R for Beginners: Textbooks & Resources for Neurobiology

cobalt124 · Oct 17, 2020

My daughter has just started her first year at university studying Neurobiology. She doesn’t have much experience with programming and is having to learn R (RStudio 3.0.2) from scratch for the statistical modelling/graph plotting parts of the course. She knows what she needs to do with her data but not how to express the requirement in R. Are there any textbooks/online resources anyone could recommend for a beginner using R?

jedishrfu · Oct 17, 2020

Google is your friend, searching on R tutorial will bring up many good resources for her to look at, in particular tutorialspoint is a good starting place:

https://www.tutorialspoint.com/r/index.htm

is R a course prerequisite?

If not there are other tools that may fit the bill such as MATLAB, Julia, or Python. A lot of stat modules are available for these more commonly used tools.

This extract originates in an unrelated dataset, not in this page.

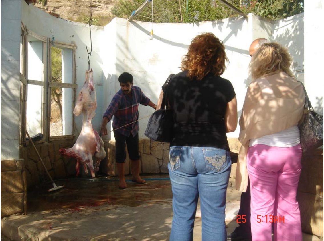
Resim 12: Türbede Adak Kurbanın Kesim Yeri

Çoban Dede Türbesi etrafında adet haline getirilen bu tarz işlemler ve bu bağışların sadece oradaki ilgililerce değerlendirilmesi yatır ziyaretlerinin bir de ekonomik yönünün olduğunu aklımıza getirmektedir. Esasen türbenin etrafında oluşan alış veriş hareketlerine bakıldığında bunu daha net görebiliriz. Ancak bu ekonomik işleyişin hangi kurallara göre nasıl yapıldığı, gelirin nereye gittiği, bu gelir akımının nasıl kanalize edildiği hususunda kesin bilgilere ulaşamadık. Çünkü türbede sorumlu

There are also some YouTube videos on R, here’s one such course

jedishrfu · Oct 18, 2020

Another summarized resource for R:

https://learnxinyminutes.com/docs/r/

cobalt124 · Oct 19, 2020

Thanks for the links, I’ll pass them on. Yes RStudio is what she has to use. I did a Google search and checked the forum resources before posting. I mistakenly assumed R resources would be as common as for Python, that doesn’t seem to be the case. Think we’ll have to have a further search, thanks for the start.

pbuk · Oct 19, 2020

I think this 2-day course would be good: https://training.csx.cam.ac.uk/bioinformatics/course/bioinfo-introRbio, however it is not free and the only one currently timetabled is full.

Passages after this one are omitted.